● REQUIRED ACTION
Your answer must be the exact lines below, starting with the line with "筆墨寫(xiě)春秋,重彩頌" and going on through the line with "Экономическая реформа 1965", both included, with no pictures.

(AVAILABLE RECORDS)

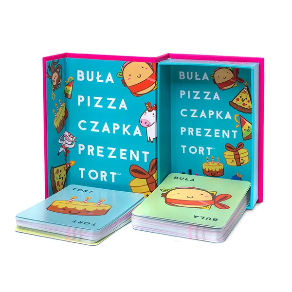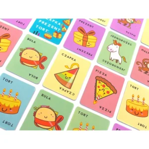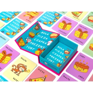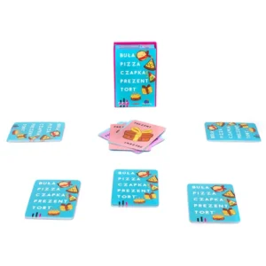 A „Buła, Pizza, Czapka, Prezent, Tort” egy őrülten pörgős kártyajáték, ami pillanatok alatt felrázza a társaságot. Ritmus, figyelem és villámgyors reakciók kellenek hozzá – a szabályok egyszerűek, de egyetlen hiba elég, és máris borul az előnyöd.
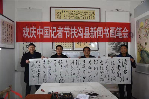 筆墨寫(xiě)春秋,重彩頌佳節(jié)。為慶祝第19個(gè)中國(guó)記者節(jié),在扶溝縣的張坡詩(shī)詞名人書(shū)畫(huà)館,來(lái)自省書(shū)法家協(xié)會(huì)的書(shū)法家與當(dāng)?shù)匦侣勑麄鞑块T(mén)的書(shū)畫(huà)愛(ài)好者們齊聚一堂,以舉行書(shū)畫(huà)筆會(huì)的形式向新聞媒體人慶賀節(jié)日。
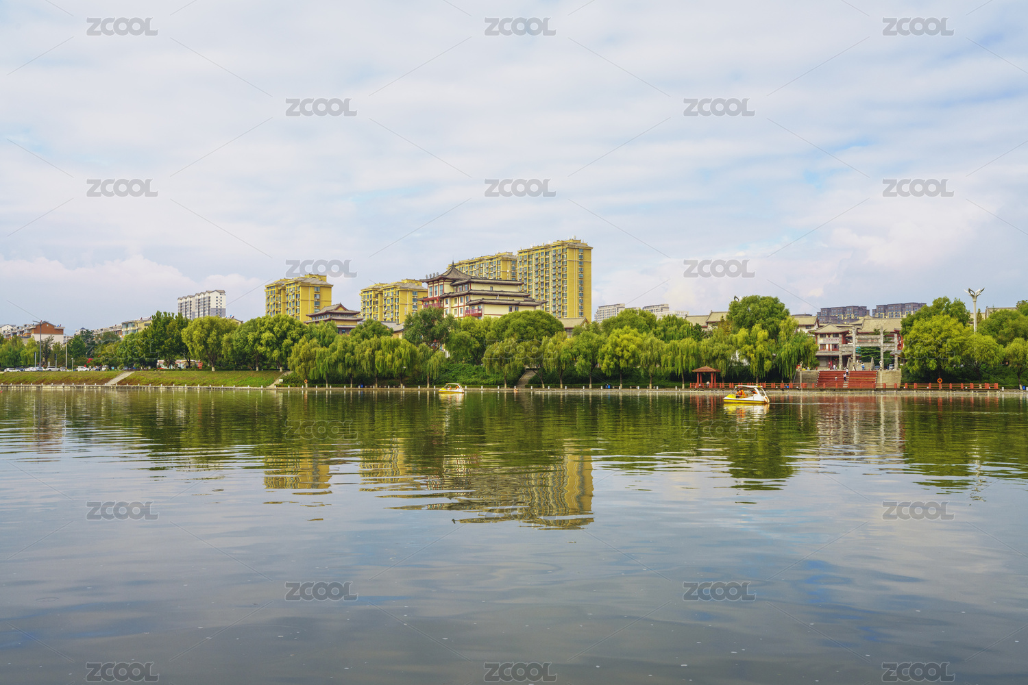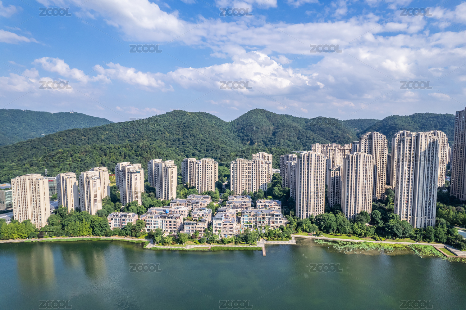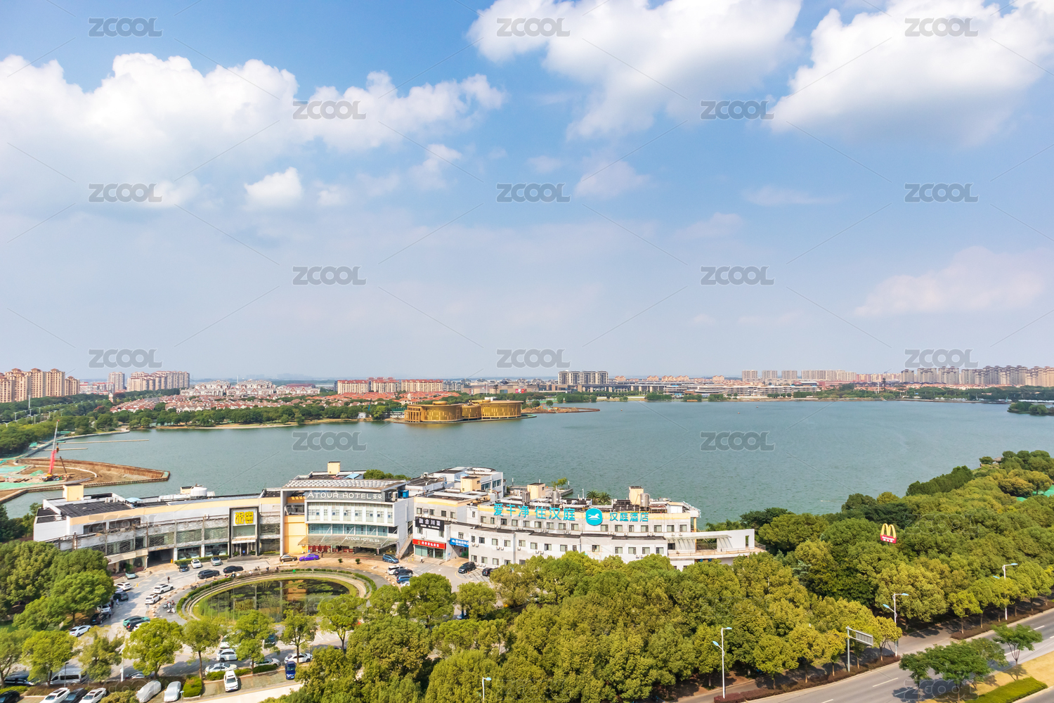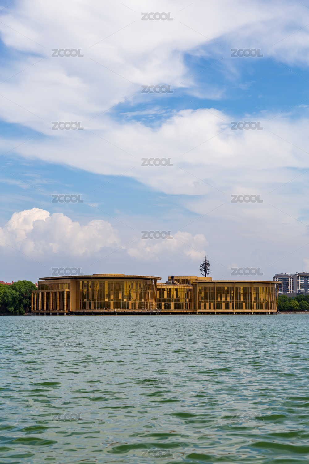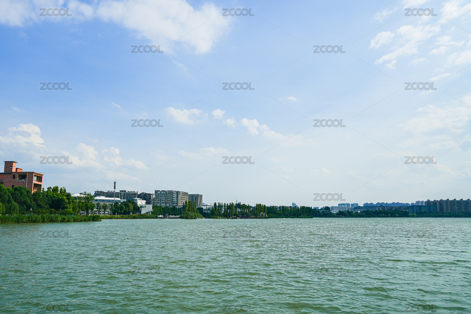 紹興迪蕩湖公園湖景與對(duì)岸的高檔住宅區(qū)
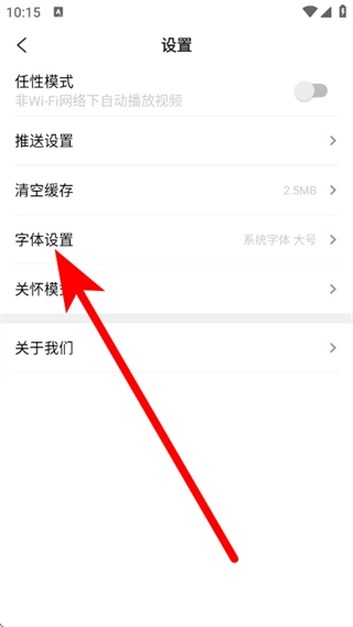 进入设置页面后,点击字体设置。
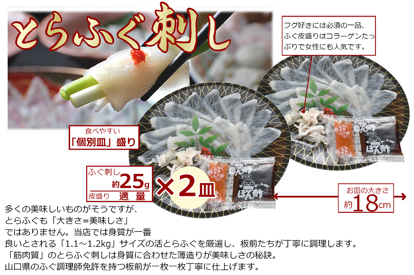 | 容量 | ・とらふぐ刺身 約50g(25g×2皿) ・とらふぐ皮 約30g(15g×2) ・ポン酢・赤おろし ・ふぐの天ぷら(6枚) ・風呂敷、専用化粧箱 |
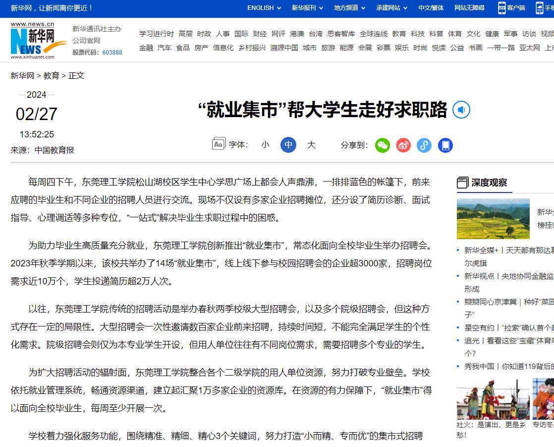 为助力毕业生高质量充分就业,45612藏宝阁资料创新推出“就业集市”,常态化面向全校毕业生举办招聘会。2023年秋季学期以来,该校共举办了14场“就业集市”,线上线下参与校园招聘会的企业超3000家,招聘岗位需求近10万个,学生投递简历超2万人次。
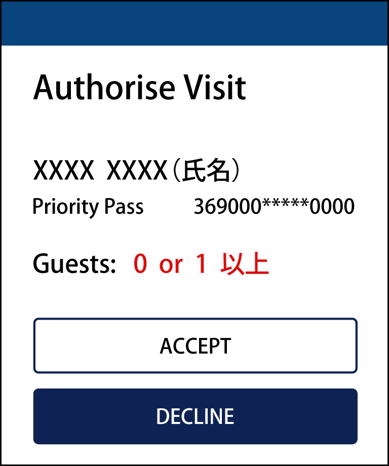 空港ラウンジのスタッフが端末にカードを差し込み後、左図のような画面を提示します。「Guests」の数字をご確認ください。
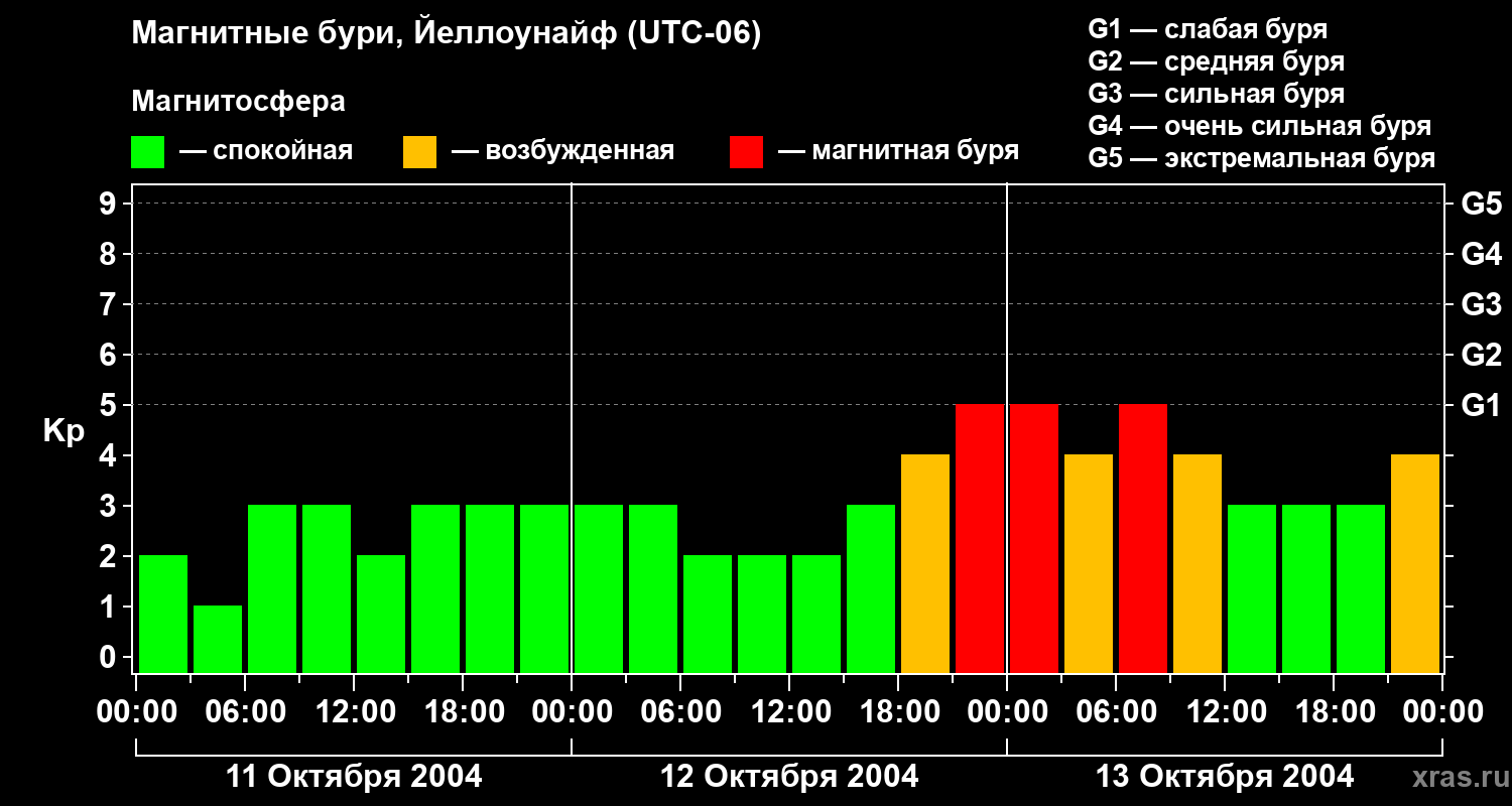 Магнитные бури в Йеллоунайфе 13 октября 2004 года
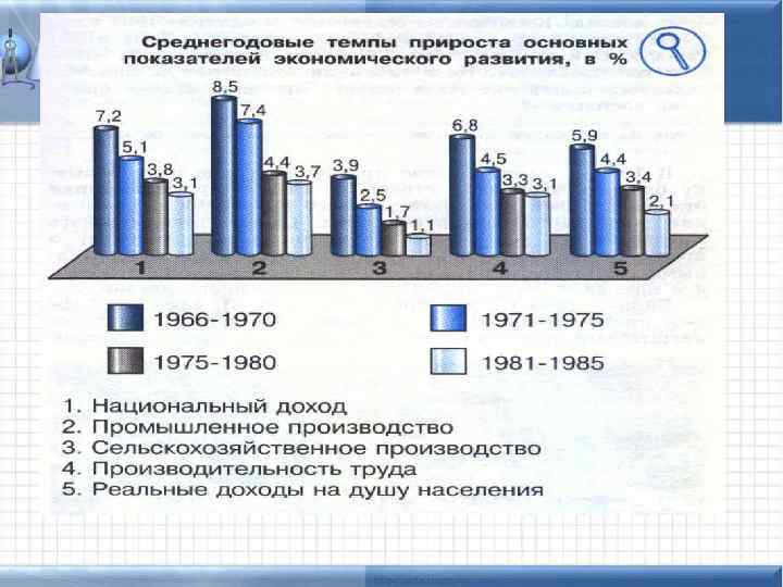 Экономическая реформа 1965 г. – «Косыгинская реформа» Наследие Хрущева: Ликвидировано деление органов по отраслевому принципу Отменены совнархозы и восстановлены министерства Изменена система планирования при расширении прав предприятий Отменены многие хрущевские «нововведения» Стимулирование труда Введение экономических методов хозяйствования Хозрасчёт Учитывалась местная инициатива 1966 -1970 гг. – Восьмая пятилетка – наилучшие показатели развития страны в Советский период
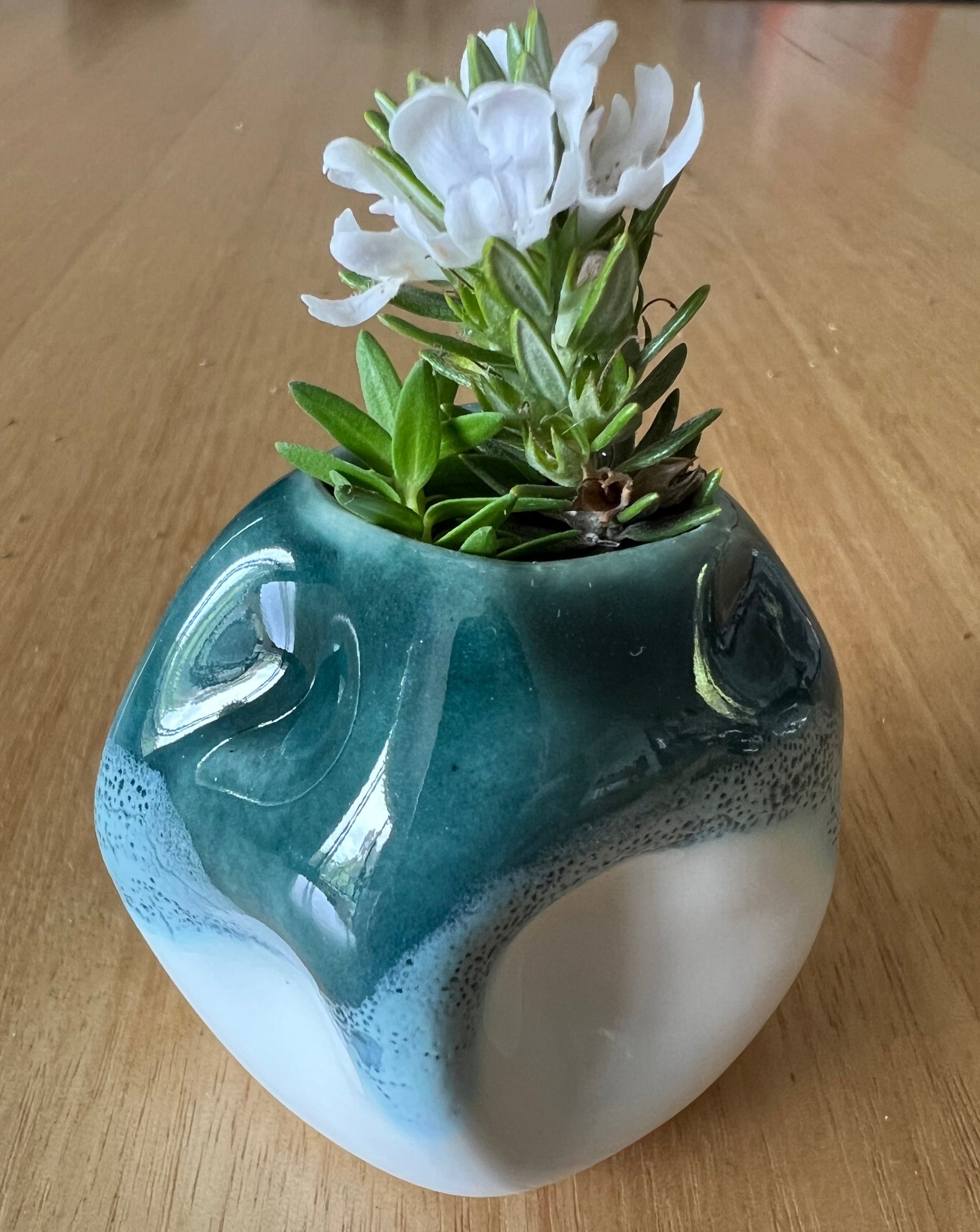 Stunning little ceramic bud vase, perfect for displaying delicate flowers. Perfectly sized making this item a great decorative addition to any small space like a window sill or small bed side table. Standing 6cm tall these gorgeous little bud vases are available in a wide range of colours

(End AVAILABLE RECORDS)

● SOLUTION FOR THIS TASK
 筆墨寫(xiě)春秋,重彩頌佳節(jié)。為慶祝第19個(gè)中國(guó)記者節(jié),在扶溝縣的張坡詩(shī)詞名人書(shū)畫(huà)館,來(lái)自省書(shū)法家協(xié)會(huì)的書(shū)法家與當(dāng)?shù)匦侣勑麄鞑块T(mén)的書(shū)畫(huà)愛(ài)好者們齊聚一堂,以舉行書(shū)畫(huà)筆會(huì)的形式向新聞媒體人慶賀節(jié)日。
 紹興迪蕩湖公園湖景與對(duì)岸的高檔住宅區(qū)
 进入设置页面后,点击字体设置。
 | 容量 | ・とらふぐ刺身 約50g(25g×2皿) ・とらふぐ皮 約30g(15g×2) ・ポン酢・赤おろし ・ふぐの天ぷら(6枚) ・風呂敷、専用化粧箱 |
 为助力毕业生高质量充分就业,45612藏宝阁资料创新推出“就业集市”,常态化面向全校毕业生举办招聘会。2023年秋季学期以来,该校共举办了14场“就业集市”,线上线下参与校园招聘会的企业超3000家,招聘岗位需求近10万个,学生投递简历超2万人次。
 空港ラウンジのスタッフが端末にカードを差し込み後、左図のような画面を提示します。「Guests」の数字をご確認ください。
 Магнитные бури в Йеллоунайфе 13 октября 2004 года
 Экономическая реформа 1965 г. – «Косыгинская реформа» Наследие Хрущева: Ликвидировано деление органов по отраслевому принципу Отменены совнархозы и восстановлены министерства Изменена система планирования при расширении прав предприятий Отменены многие хрущевские «нововведения» Стимулирование труда Введение экономических методов хозяйствования Хозрасчёт Учитывалась местная инициатива 1966 -1970 гг. – Восьмая пятилетка – наилучшие показатели развития страны в Советский период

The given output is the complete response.